[Records from a collection]
════════════════
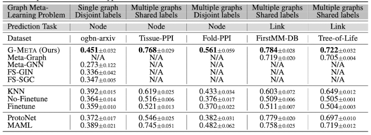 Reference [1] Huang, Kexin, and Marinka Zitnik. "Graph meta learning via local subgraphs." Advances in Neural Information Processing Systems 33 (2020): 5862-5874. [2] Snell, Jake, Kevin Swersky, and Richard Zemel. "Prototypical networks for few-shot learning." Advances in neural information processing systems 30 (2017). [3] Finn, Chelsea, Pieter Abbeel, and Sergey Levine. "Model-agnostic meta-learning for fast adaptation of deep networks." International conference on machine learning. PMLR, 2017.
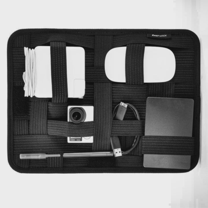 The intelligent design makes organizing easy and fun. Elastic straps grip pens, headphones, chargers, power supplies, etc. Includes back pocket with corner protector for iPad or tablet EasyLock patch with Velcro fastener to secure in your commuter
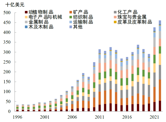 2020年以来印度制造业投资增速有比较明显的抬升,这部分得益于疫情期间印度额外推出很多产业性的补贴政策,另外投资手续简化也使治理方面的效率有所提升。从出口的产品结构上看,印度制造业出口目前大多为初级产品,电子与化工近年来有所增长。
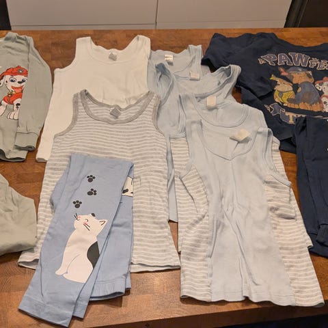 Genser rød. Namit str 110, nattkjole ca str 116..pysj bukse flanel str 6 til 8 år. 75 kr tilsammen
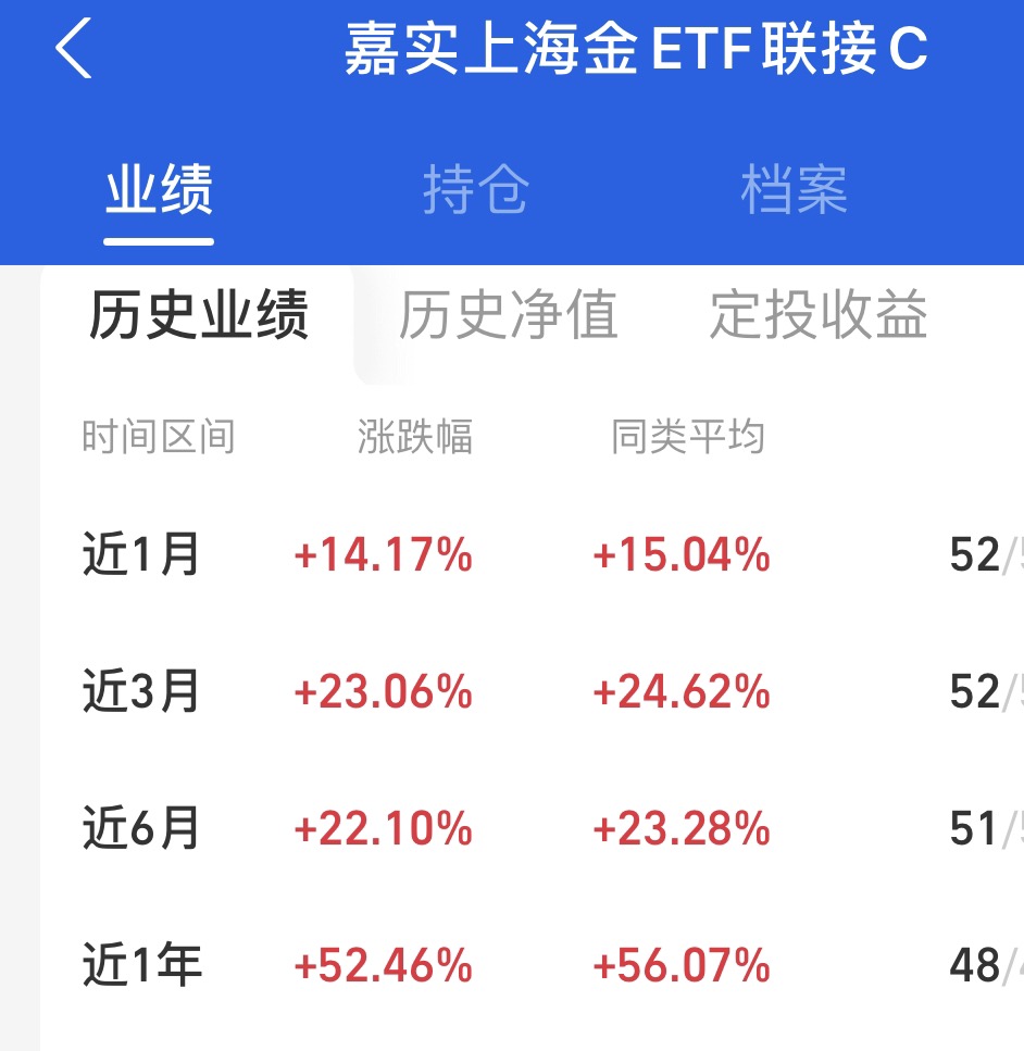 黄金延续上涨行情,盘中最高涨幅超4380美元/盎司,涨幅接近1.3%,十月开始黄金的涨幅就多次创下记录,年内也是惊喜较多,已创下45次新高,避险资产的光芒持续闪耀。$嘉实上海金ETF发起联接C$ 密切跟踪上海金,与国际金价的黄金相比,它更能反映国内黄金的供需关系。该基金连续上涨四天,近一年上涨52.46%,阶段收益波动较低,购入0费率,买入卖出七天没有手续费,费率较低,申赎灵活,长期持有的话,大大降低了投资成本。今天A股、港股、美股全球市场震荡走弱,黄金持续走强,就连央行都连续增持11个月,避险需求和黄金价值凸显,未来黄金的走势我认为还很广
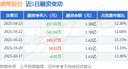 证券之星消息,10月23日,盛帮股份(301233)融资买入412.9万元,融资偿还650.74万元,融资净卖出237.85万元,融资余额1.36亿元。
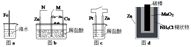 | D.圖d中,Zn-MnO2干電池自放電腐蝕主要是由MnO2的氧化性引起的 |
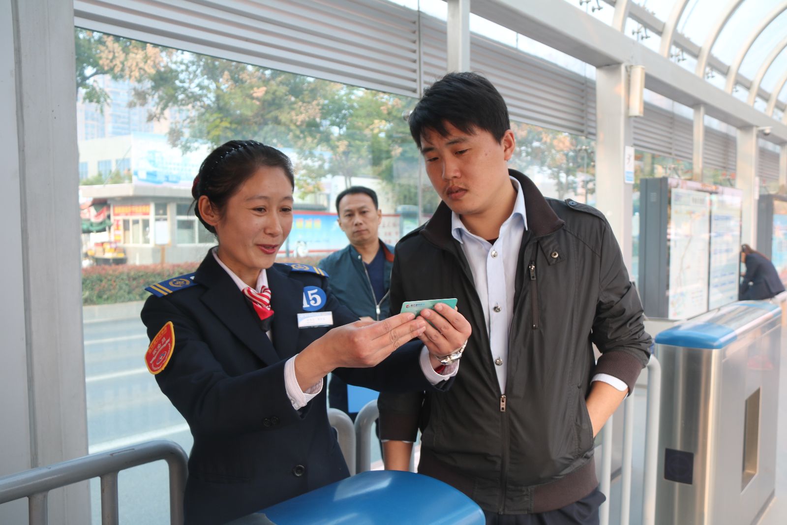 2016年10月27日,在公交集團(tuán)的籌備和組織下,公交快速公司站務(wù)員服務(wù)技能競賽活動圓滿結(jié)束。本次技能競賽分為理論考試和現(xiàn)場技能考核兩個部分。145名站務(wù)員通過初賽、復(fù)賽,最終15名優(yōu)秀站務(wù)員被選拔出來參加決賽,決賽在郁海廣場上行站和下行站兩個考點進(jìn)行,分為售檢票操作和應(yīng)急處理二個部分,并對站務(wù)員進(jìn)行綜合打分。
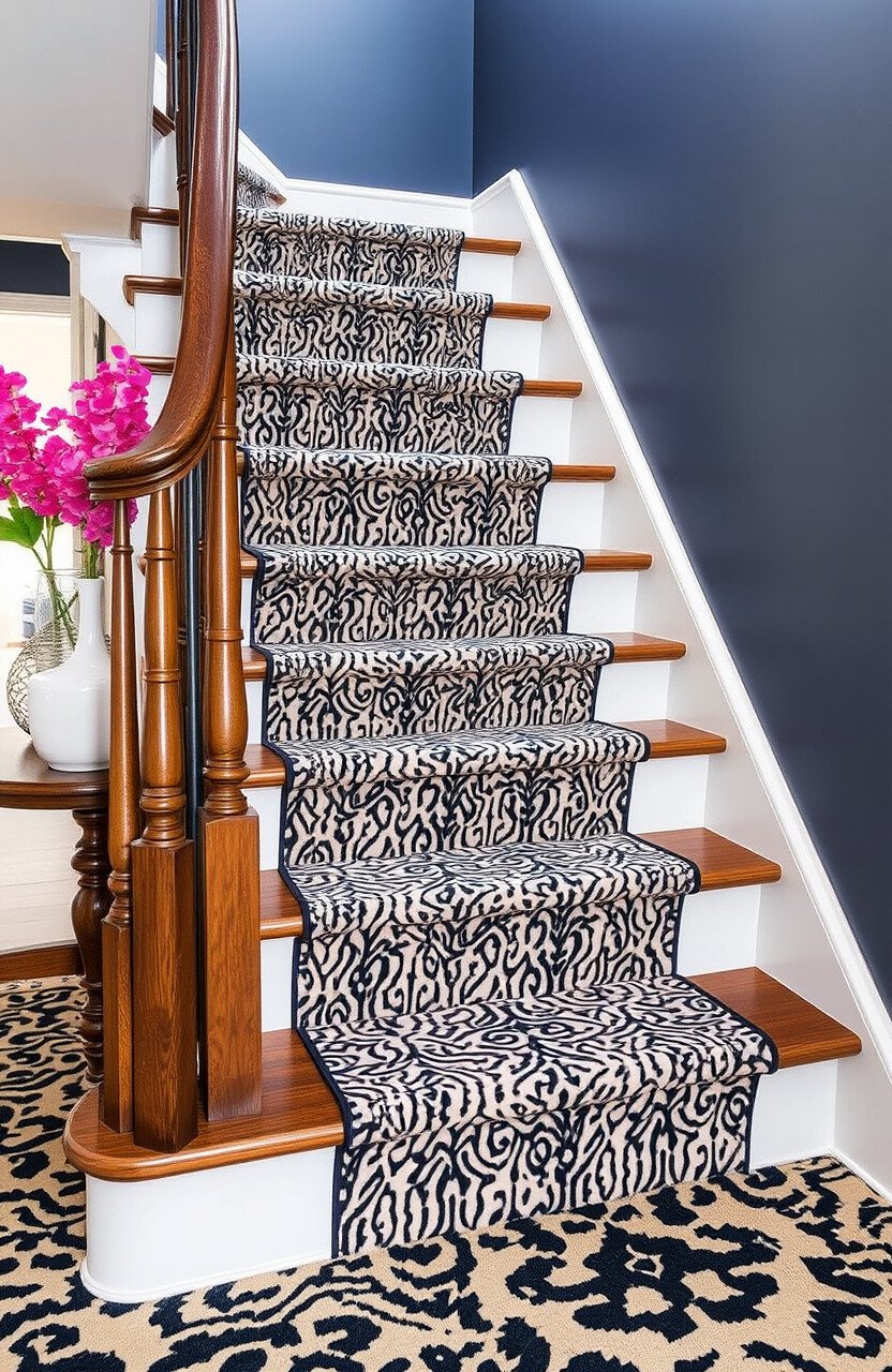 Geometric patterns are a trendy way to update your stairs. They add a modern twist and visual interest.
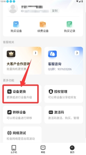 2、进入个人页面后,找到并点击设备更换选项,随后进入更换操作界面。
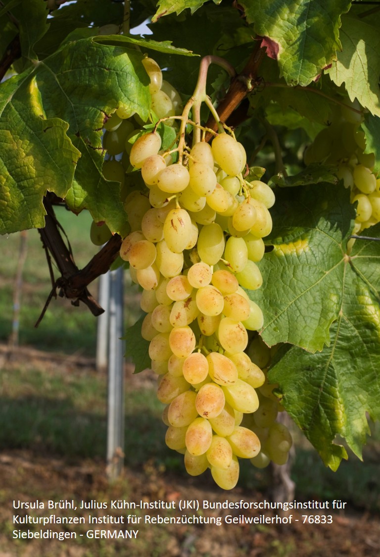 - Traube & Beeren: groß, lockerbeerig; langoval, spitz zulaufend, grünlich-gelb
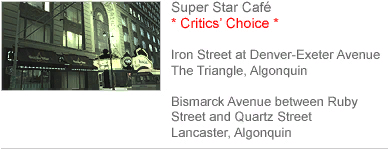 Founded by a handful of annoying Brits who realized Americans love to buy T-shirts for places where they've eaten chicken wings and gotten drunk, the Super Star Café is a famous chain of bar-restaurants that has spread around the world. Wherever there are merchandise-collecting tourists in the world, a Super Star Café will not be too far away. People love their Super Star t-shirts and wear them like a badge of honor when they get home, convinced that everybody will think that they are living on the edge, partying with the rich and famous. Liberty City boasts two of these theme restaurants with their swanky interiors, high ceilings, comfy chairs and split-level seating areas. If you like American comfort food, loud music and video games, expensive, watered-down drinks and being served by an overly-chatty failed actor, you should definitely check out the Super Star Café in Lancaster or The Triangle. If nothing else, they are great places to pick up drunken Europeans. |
════════════════
**Work order**
Print, word for word, the lines above that run from the line containing "证券之星消息,10月23日,盛帮股份(3" to the line containing "2、进入个人页面后,找到并点击设备更换选项,随后进入更换操作界面。", both included. Keep the pictures out.

**Task output**
 证券之星消息,10月23日,盛帮股份(301233)融资买入412.9万元,融资偿还650.74万元,融资净卖出237.85万元,融资余额1.36亿元。
 | D.圖d中,Zn-MnO2干電池自放電腐蝕主要是由MnO2的氧化性引起的 |
 2016年10月27日,在公交集團(tuán)的籌備和組織下,公交快速公司站務(wù)員服務(wù)技能競賽活動圓滿結(jié)束。本次技能競賽分為理論考試和現(xiàn)場技能考核兩個部分。145名站務(wù)員通過初賽、復(fù)賽,最終15名優(yōu)秀站務(wù)員被選拔出來參加決賽,決賽在郁海廣場上行站和下行站兩個考點進(jìn)行,分為售檢票操作和應(yīng)急處理二個部分,并對站務(wù)員進(jìn)行綜合打分。
 Geometric patterns are a trendy way to update your stairs. They add a modern twist and visual interest.
 2、进入个人页面后,找到并点击设备更换选项,随后进入更换操作界面。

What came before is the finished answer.